→ **EXERCISE DETAILS**: From the material below, set down exactly the lines that run from the one containing "En cuanto al" to the one containing "Avstriyada 2000 ga", minus the pictures.

· · ·

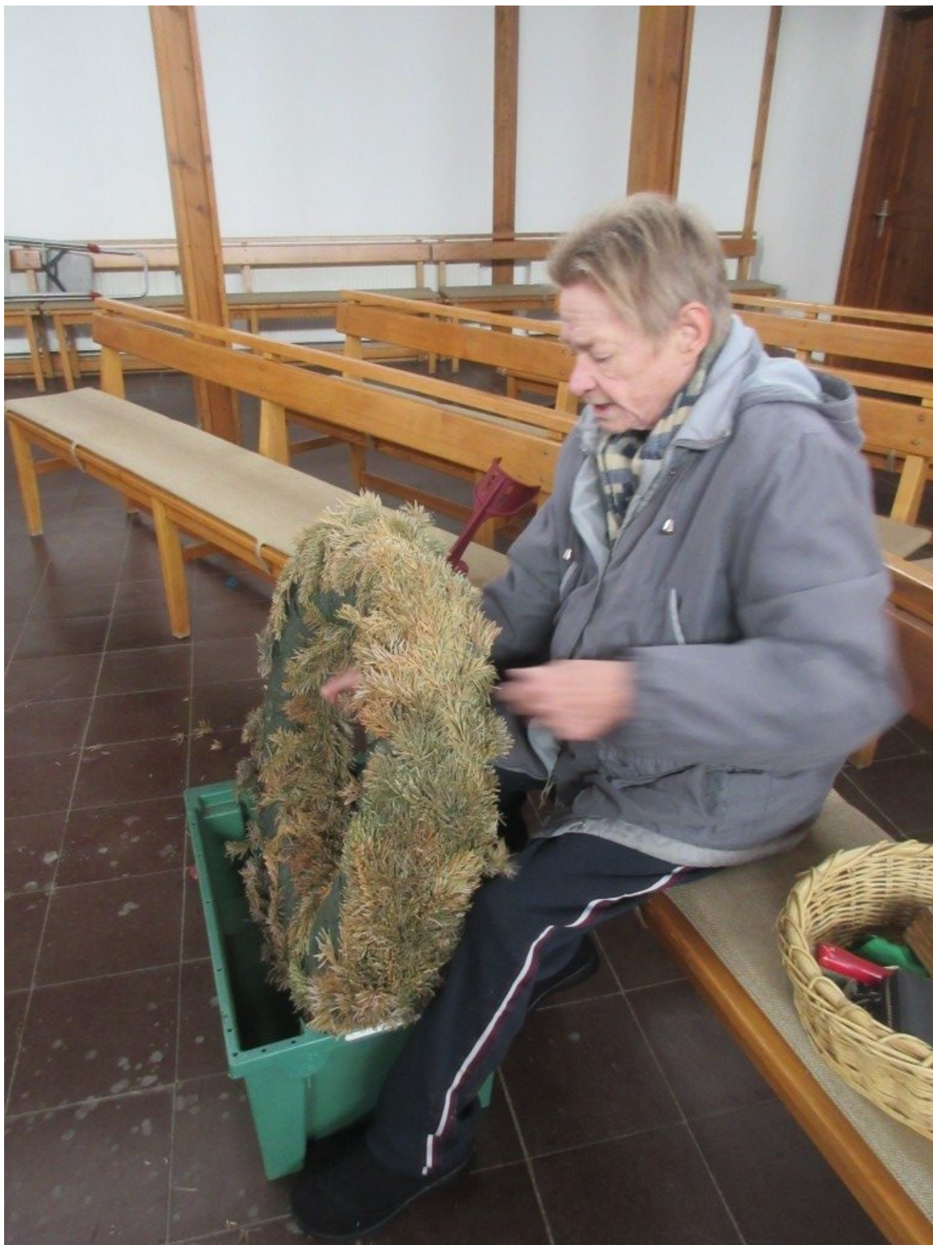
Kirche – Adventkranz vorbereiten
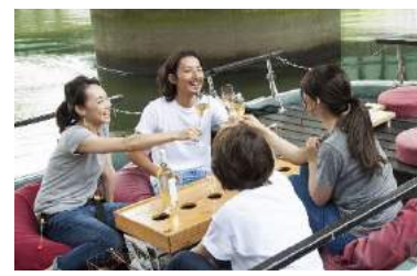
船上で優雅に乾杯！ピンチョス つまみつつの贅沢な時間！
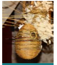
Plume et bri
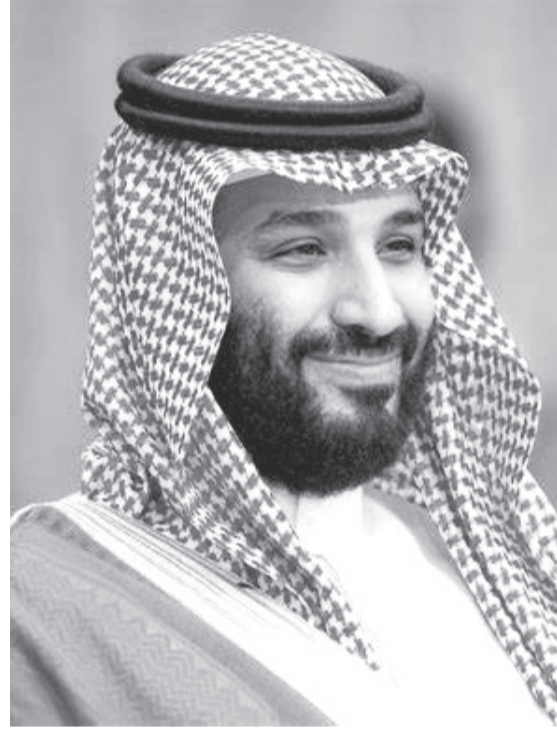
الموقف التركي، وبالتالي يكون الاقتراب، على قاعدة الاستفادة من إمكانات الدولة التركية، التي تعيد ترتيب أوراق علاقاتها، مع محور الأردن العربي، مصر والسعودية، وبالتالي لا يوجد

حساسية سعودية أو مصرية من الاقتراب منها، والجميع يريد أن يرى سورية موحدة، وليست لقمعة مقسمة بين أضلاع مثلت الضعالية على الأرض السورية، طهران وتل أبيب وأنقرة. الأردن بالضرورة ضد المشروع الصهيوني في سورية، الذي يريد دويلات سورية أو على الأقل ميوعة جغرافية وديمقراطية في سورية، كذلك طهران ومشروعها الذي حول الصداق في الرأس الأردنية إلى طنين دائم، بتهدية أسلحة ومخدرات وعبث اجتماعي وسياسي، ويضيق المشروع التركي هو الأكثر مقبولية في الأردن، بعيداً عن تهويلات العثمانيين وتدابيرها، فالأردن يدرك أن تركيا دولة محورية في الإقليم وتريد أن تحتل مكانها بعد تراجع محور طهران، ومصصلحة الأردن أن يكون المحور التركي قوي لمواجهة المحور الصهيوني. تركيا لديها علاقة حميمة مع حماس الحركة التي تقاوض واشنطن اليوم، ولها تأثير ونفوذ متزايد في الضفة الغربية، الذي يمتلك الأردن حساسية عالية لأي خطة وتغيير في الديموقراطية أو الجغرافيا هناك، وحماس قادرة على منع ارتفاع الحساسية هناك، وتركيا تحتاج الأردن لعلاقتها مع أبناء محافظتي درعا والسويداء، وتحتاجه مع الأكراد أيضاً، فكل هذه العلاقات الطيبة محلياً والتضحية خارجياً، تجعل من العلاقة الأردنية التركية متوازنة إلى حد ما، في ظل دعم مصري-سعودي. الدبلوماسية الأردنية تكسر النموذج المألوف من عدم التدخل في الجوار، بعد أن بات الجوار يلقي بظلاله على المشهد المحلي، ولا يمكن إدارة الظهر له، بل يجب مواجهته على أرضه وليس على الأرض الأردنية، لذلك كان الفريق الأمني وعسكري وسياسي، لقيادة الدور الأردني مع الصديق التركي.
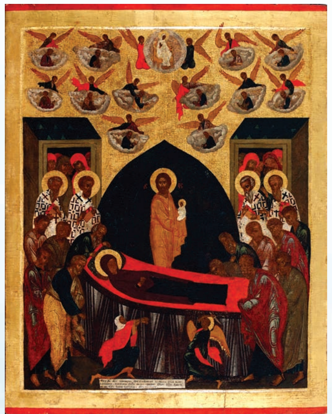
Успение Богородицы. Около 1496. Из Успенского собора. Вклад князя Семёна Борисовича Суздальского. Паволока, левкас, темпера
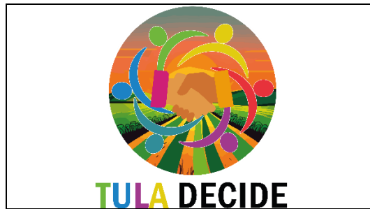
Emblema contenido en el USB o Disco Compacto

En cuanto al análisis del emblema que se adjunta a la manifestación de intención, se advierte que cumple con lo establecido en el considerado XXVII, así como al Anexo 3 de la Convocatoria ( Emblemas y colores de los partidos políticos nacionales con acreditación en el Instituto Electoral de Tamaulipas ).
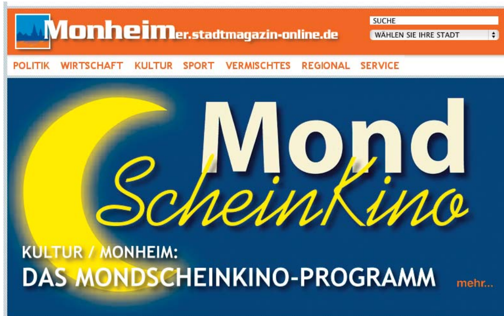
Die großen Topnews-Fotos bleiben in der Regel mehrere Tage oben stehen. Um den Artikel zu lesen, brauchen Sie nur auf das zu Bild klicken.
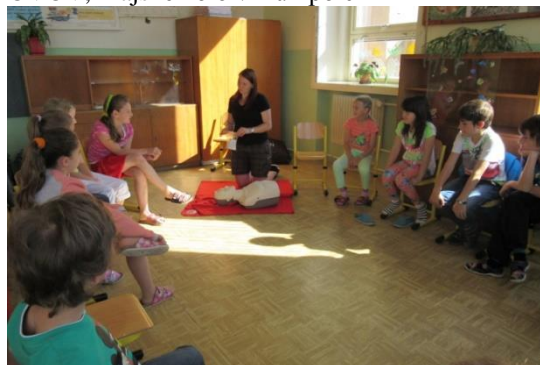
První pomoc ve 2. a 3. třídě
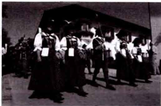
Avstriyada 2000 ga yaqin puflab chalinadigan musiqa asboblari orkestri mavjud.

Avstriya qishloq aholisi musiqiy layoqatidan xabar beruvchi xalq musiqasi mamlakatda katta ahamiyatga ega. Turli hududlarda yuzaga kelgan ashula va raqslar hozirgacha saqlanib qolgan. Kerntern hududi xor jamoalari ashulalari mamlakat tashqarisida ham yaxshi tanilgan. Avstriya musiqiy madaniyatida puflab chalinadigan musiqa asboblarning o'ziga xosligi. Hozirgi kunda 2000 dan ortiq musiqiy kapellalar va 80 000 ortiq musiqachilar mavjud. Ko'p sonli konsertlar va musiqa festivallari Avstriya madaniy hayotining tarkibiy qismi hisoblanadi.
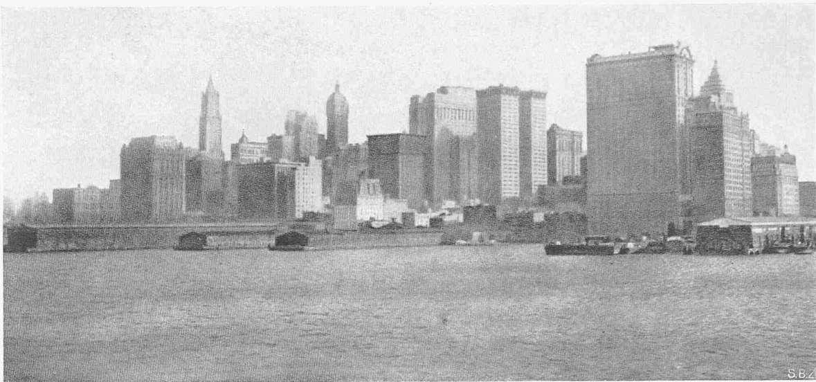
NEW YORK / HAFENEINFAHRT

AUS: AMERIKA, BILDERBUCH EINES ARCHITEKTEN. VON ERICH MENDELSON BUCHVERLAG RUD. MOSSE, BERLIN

· · ·

→ **TASK RESULT**:
En cuanto al análisis del emblema que se adjunta a la manifestación de intención, se advierte que cumple con lo establecido en el considerado XXVII, así como al Anexo 3 de la Convocatoria ( Emblemas y colores de los partidos políticos nacionales con acreditación en el Instituto Electoral de Tamaulipas ).
Die großen Topnews-Fotos bleiben in der Regel mehrere Tage oben stehen. Um den Artikel zu lesen, brauchen Sie nur auf das zu Bild klicken.
První pomoc ve 2. a 3. třídě
Avstriyada 2000 ga yaqin puflab chalinadigan musiqa asboblari orkestri mavjud.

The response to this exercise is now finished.